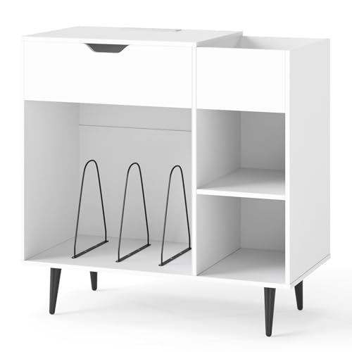 LYXWGRZD Media Stand Storage Cabinet Vinyl Record Player Stand Stereo Racks With for Entertainment Stereo Tower Player for Living Room & Bedroom(White,23cm/9.1in)
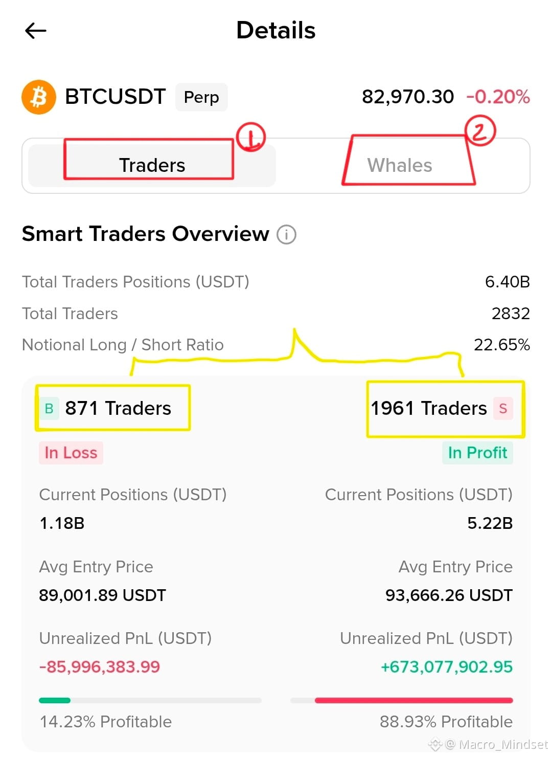 โโซ๏ธThe "Traders" Tab (1): This shows you the sentiment of "Smart Traders"โpeople who have a history of being right. You can see how many are Long vs. Short and their average entry price.
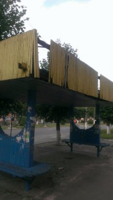 «У такому стані автобусні зупинки на центральній вул міста, від маг. Вечірній і наступні дві біля кладовища. Коли вже цей совковий дизайн нарешті кане в ріку забуття Лєту?...» – коментує світлини вона.
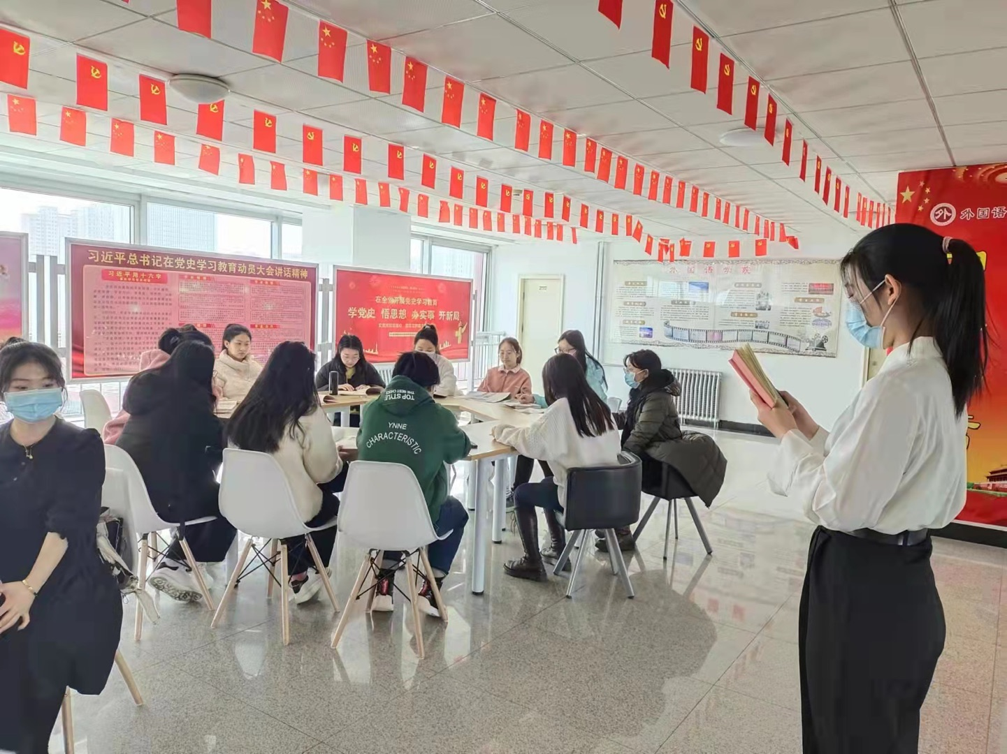 為引導廣大學生黨員知黨愛黨,在紅色書籍中厚植家國情懷、傳承紅色基因、汲取精神動力,外國語學院學生黨支部于行知樓九層大廳開展了“紅色經典潤初心”主題黨日活動。學生黨員、入黨積極分子閱讀黨史、《求是》雜志以及近期的報刊雜志,在學習中感悟黨的思想偉力,在書籍中探索黨的光輝歷程。在讀書分享環節,結合當前疫情防控形勢,同學們紛紛表示,“物有甘苦,嘗之者識;道有夷險,履之者知。”在這場波瀾壯闊的抗疫斗爭中,我們積累了重要經驗,收獲了深刻啟示。抗疫斗爭的偉大實踐再次證明,中國共產黨具有無比堅強的領導力,是風雨來襲時中國人民最可靠的主心骨。

- - -

Only the lines from the beginning of the listing through the line with "коментує світлини вона.", both ends included, are to be repeated exactly; pictures stay out.

* [YOUR SOLUTION]:
 LYXWGRZD Media Stand Storage Cabinet Vinyl Record Player Stand Stereo Racks With for Entertainment Stereo Tower Player for Living Room & Bedroom(White,23cm/9.1in)
 โโซ๏ธThe "Traders" Tab (1): This shows you the sentiment of "Smart Traders"โpeople who have a history of being right. You can see how many are Long vs. Short and their average entry price.
 «У такому стані автобусні зупинки на центральній вул міста, від маг. Вечірній і наступні дві біля кладовища. Коли вже цей совковий дизайн нарешті кане в ріку забуття Лєту?...» – коментує світлини вона.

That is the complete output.